A key difference to "standard classification" is that when working in these extreme (and often multi-label) classification use cases, we are moving towards a "metric at top $k$" approach; we compute our metric of interest using the top $k$ labels predicted (usually ranked by predicted scores). Metrics like precision@k and nDCG@k are the obvious choices and that is because we are needing to have a more "lenient" while still relevant metric - a bit like going from FWER to FDR view in hypothesis testing. Aside from these two, there are also some more specialised metrics like propensity-scored prediction at $k$ which are also relevant and potentially helpful as they can be more easily associated with misclassification costs.

Another point to mention are what are called classifier chains. In this methodology we usually build a series for classifiers to predict the presence or absence of a particular class in addition to the classes predicted by the previous classifiers in the chain. This is usually employed in multi-label classification but it generalises reasonably to XC too, as we partition our output space such that we have a more compact output space to deal with in each "link" of the chain. This plays in the general idea of reducing the output space either by standard dimensionality reduction techniques (e.g. random projections, or word embeddings). Read et al. (2021) Classifier Chains: A Review and Perspectives is a nice read on this. A final point is that sometimes we need specialised database infrastructure to perform XC as scalability in real-time setting might be an issue. (but this is primarily a data engineering point)
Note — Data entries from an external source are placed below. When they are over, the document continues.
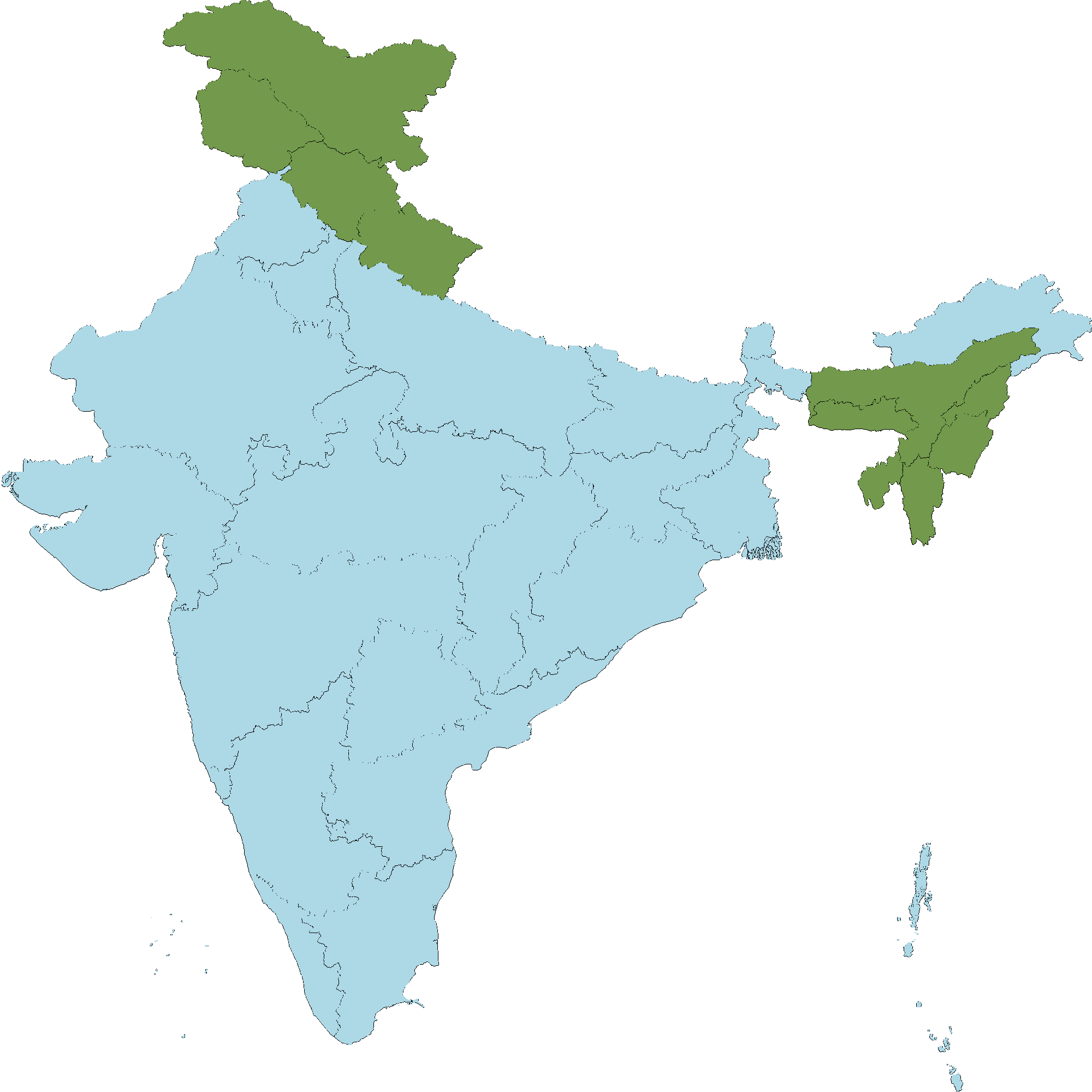 - Himachal Pradesh : Kinnaur district, Kullu district, Lahaul & Spiti district
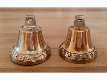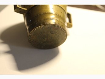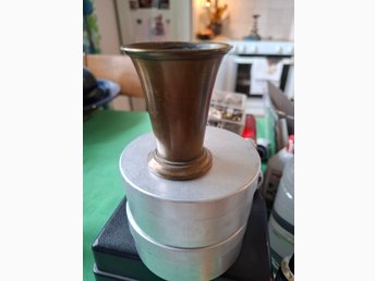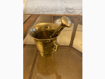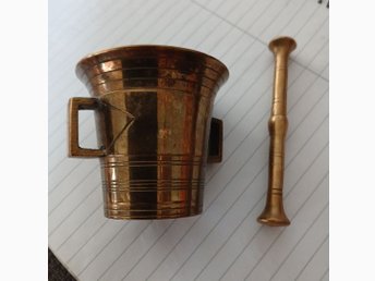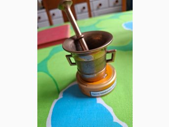 Gammal Mortel i mässing med Stöt TH Vaasa Suomi Finland 8 cm hög Stöt 14 cm
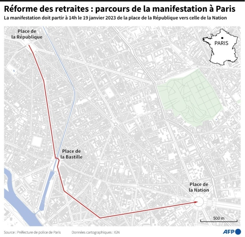 Réforme des retraites : parcours de la manifestation à Paris Nalini LEPETIT-CHELLA [AFP]MERCI DE VOUS IDENTIFIER
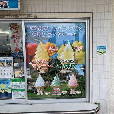 道の駅フェニックス 景色がよく最高な道の駅 ここに来たらみんな冬でもソフトクリーム食べてます🍦ᩚ早い時間にくると名物のホットドッグも数量限定で食べれます! 日向夏ソフトクリーム 400円 酸味があってかなりおいしい!口の中さっぱりするしまた食べ。
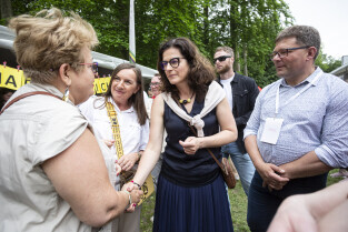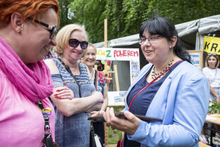 Gdańsk. W parku Oruńskim odbył się doroczny Festyn Rodzinny. Nz. Agnineszka Bartków laureatka nagrody Oruńskiej Syrenki
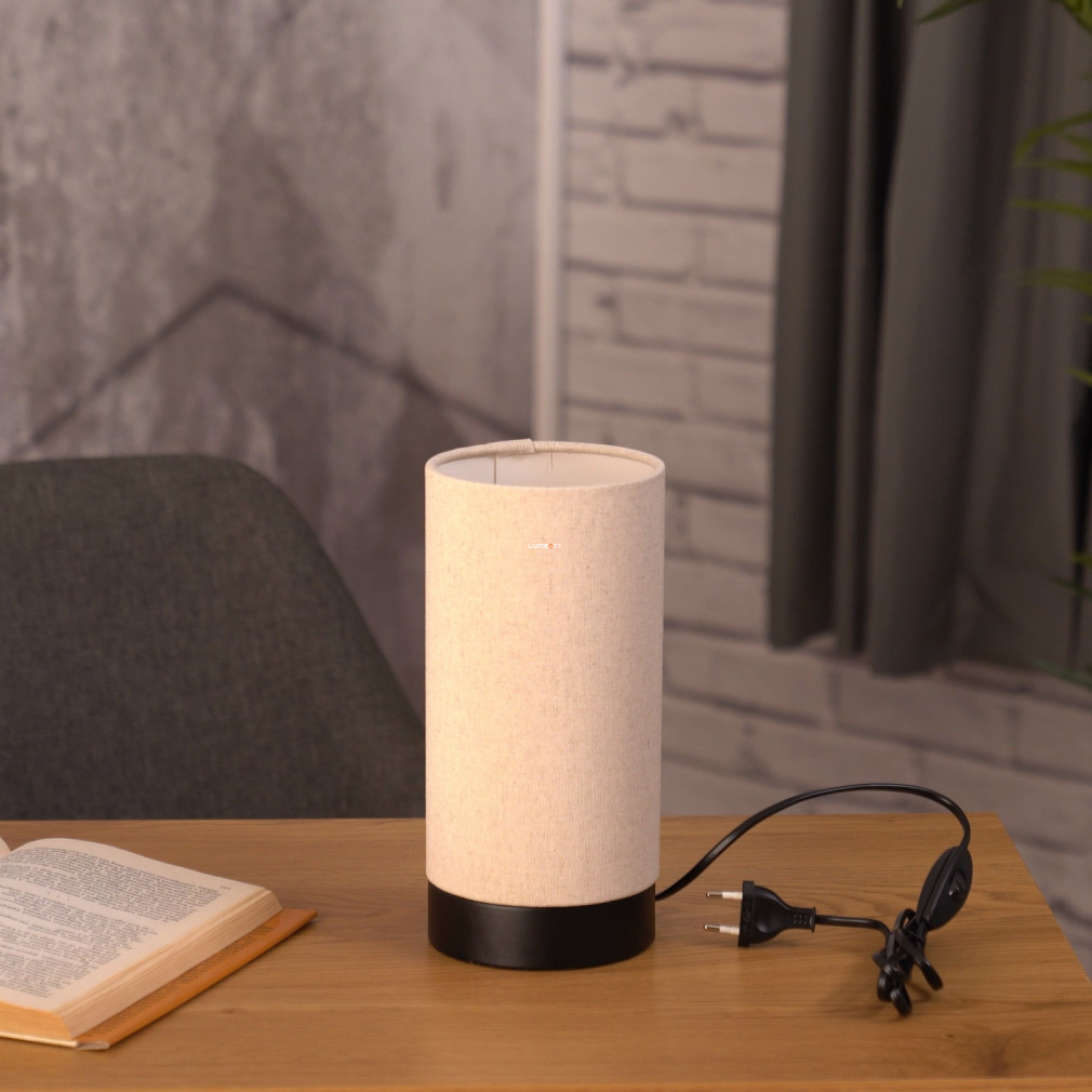 A Feniglia Eglo 900861 textil éjjeli lámpa 25 cm-es magassággal és 12 cm átmérővel rendelkezik, modern megjelenését fekete textil burkolat és fa hatású acél talp biztosítja. A lámpatest egy darab E27 foglalattal szerelt, amelybe tetszőleges teljesítményű és színhőmérsékletű, cserélhető fényforrás helyezhető el. A termék nem tartalmaz fényforrást. IP20 védettségi szintje beltéri használatra teszi alkalmassá, a 0,416 kg-os tömeg könnyű kezelhetőséget eredményez. A lámpa gyártója az EGLO, logisztikai kódja 900861. A csomagolás méretei: 14 cm szélesség, 30 cm hosszúság és 14 cm magasság.
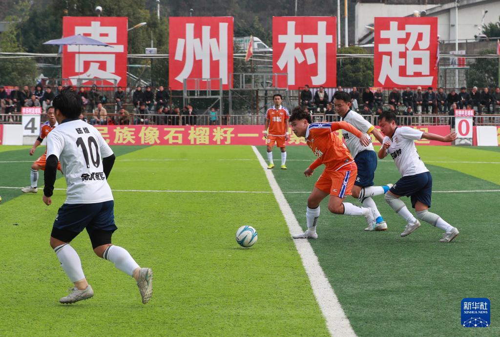 1月6日,在贵州省榕江县“村超”球场,两支村级球队进行比赛。新华社发(罗京来摄)
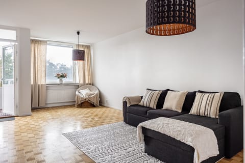 Bostaden är välplanerad med generösa sällskapsytor, tre rofyllda sovrum samt både badrum och separat wc. Köket är praktiskt planerat med god förvaring och utrymme för matbord som ger plats för familj och vänner. Planlösningen erbjuder både gemenskap och avskildhet, perfekt för familjeliv eller för den som vill ha plats för gäst och arbetsrum. Vardagsrummet öppnar upp mot en stor balkong i sydvästläge med utsikt mot grönska. Här bor man dessutom helt insynsskyddat, vilket ger en sällsynt känsla av lugn och avskildhet.
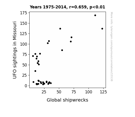 This means 43.4% of the change in the one variable (i.e., Global shipwrecks ) is predictable based on the change in the other (i.e., UFO sightings in Missouri) over the 40 years from 1975 through 2014.

Most applications are unsurprisingly associated with online advertising and/or product recommendations; XC problems are often overlapping with multi-label learning so their literature also overlaps. A reasonably well-cited source in this niche area of ML is Parabel: Partitioned Label Trees for Extreme Classification with Application to Dynamic Search Advertising (2018) by Prabhu et al. if you want to read more on this. Lie et al. (2021) The Emerging Trends of Multi-Label Learning seems also good and gives out a very nice hierarchy too.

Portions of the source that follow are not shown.